(Material for this exercise begins)
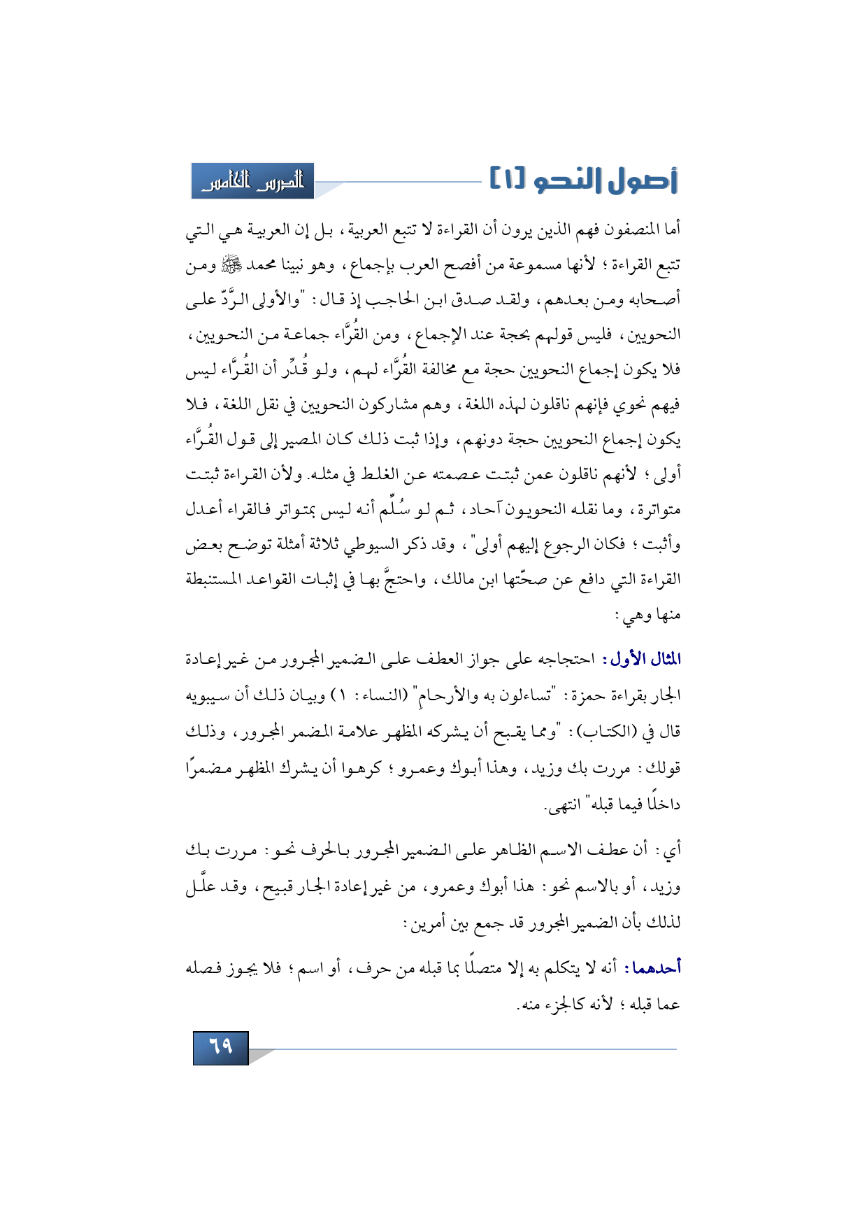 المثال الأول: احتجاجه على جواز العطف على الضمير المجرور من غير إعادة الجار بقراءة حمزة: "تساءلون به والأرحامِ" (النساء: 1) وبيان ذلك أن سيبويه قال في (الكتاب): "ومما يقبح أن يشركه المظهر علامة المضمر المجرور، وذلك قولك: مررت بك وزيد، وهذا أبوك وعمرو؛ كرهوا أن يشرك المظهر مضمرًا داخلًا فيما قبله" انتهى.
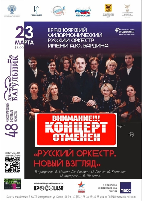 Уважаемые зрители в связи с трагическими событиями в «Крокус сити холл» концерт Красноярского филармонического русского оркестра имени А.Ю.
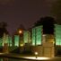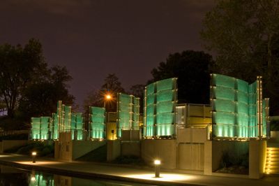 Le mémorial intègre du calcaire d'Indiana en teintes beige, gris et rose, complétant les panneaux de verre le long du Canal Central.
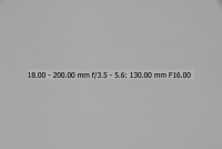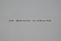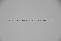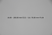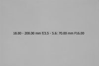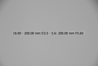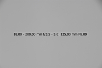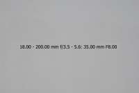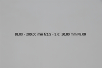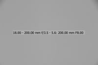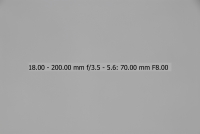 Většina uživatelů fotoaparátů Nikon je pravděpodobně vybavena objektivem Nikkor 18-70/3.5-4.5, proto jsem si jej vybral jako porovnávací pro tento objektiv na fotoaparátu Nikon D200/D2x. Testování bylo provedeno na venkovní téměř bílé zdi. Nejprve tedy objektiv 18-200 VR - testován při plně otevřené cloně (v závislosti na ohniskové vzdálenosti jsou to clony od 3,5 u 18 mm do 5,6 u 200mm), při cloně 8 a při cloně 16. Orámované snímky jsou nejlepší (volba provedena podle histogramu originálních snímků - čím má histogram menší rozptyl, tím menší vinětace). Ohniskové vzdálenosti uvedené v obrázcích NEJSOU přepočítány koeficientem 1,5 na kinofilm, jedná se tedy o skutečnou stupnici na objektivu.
(Material for this exercise ends)
(Material for this exercise begins)
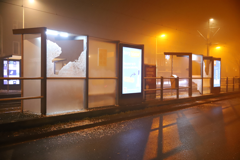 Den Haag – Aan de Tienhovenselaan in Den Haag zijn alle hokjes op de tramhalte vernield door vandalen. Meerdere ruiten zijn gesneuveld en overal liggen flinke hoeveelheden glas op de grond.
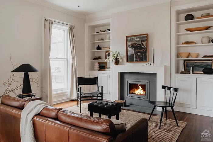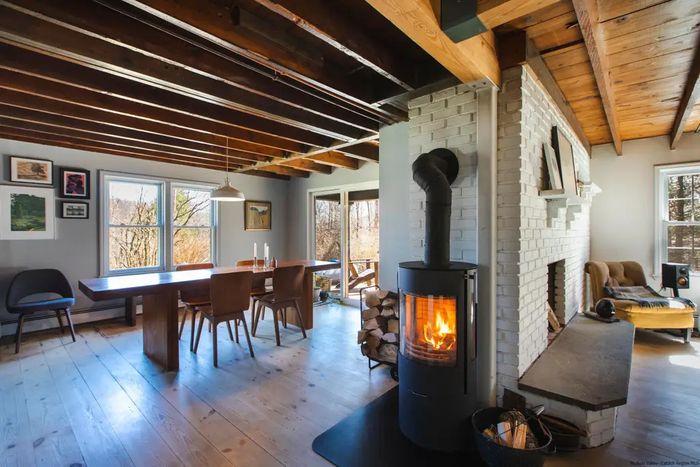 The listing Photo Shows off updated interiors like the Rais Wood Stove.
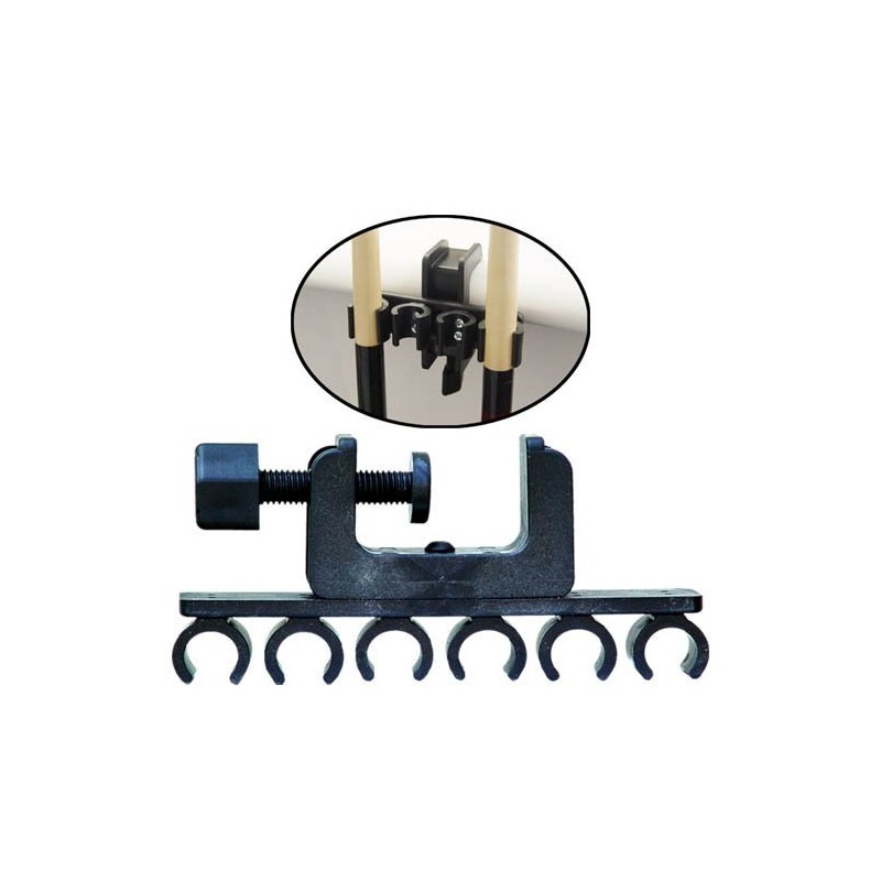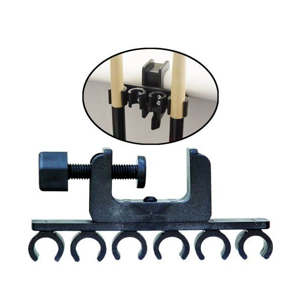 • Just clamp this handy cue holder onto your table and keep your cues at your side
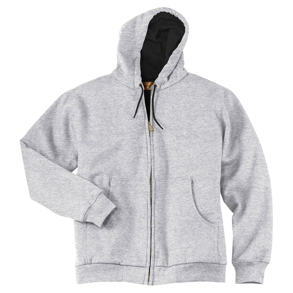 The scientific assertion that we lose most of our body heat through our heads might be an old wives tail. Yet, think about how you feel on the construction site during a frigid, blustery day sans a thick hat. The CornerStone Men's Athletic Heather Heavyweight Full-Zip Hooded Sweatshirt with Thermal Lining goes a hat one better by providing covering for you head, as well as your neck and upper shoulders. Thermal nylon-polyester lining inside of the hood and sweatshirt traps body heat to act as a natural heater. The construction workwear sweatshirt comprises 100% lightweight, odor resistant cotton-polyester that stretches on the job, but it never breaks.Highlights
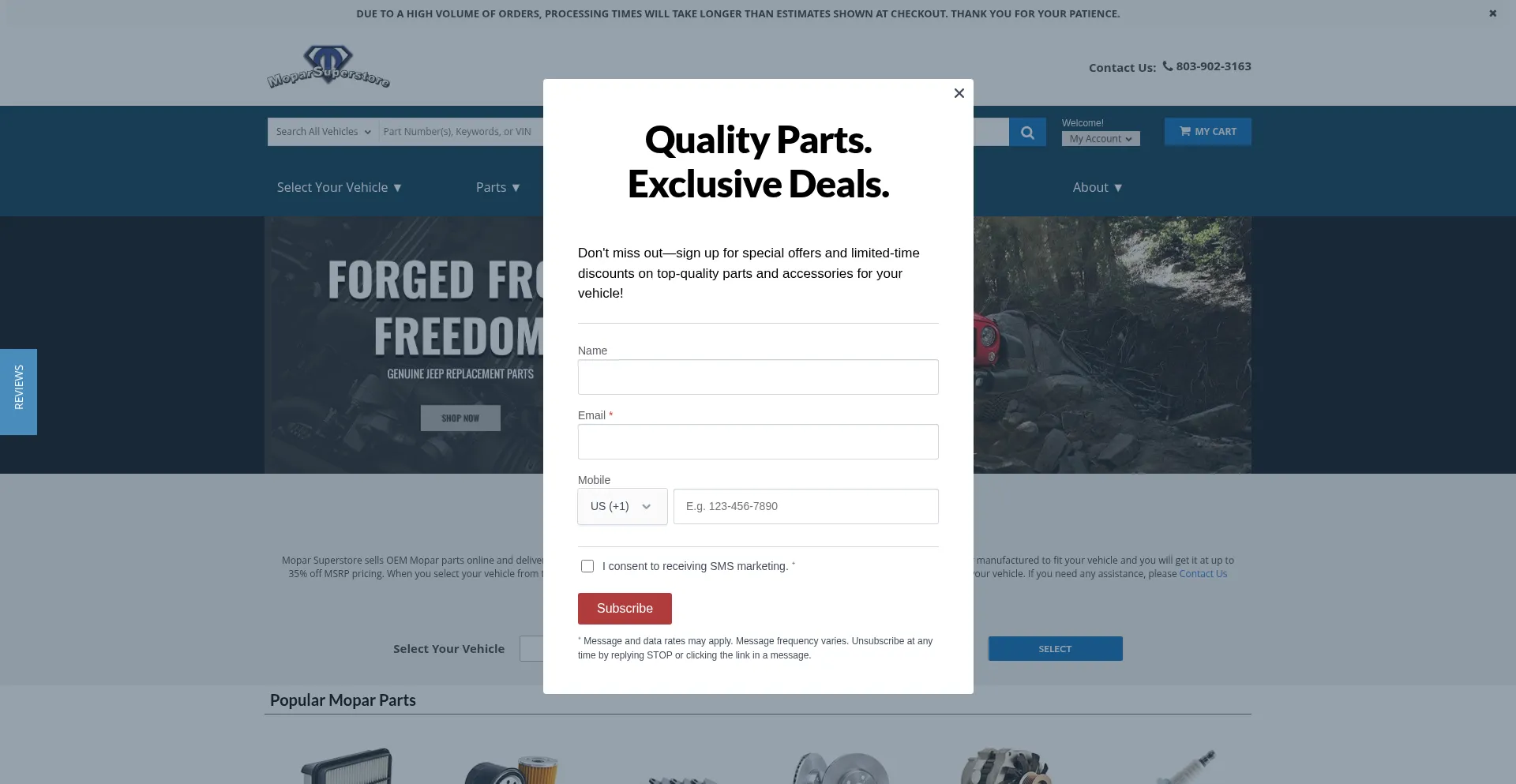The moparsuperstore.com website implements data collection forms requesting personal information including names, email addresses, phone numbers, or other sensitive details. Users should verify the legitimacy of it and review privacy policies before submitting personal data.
(Material for this exercise ends)
Exactly the lines above from the one that contains "Den Haag – Aan" down to the one that contains "at your side" are to be output, both ends kept and pictures omitted.

Task result:
 Den Haag – Aan de Tienhovenselaan in Den Haag zijn alle hokjes op de tramhalte vernield door vandalen. Meerdere ruiten zijn gesneuveld en overal liggen flinke hoeveelheden glas op de grond.
 The listing Photo Shows off updated interiors like the Rais Wood Stove.
 • Just clamp this handy cue holder onto your table and keep your cues at your side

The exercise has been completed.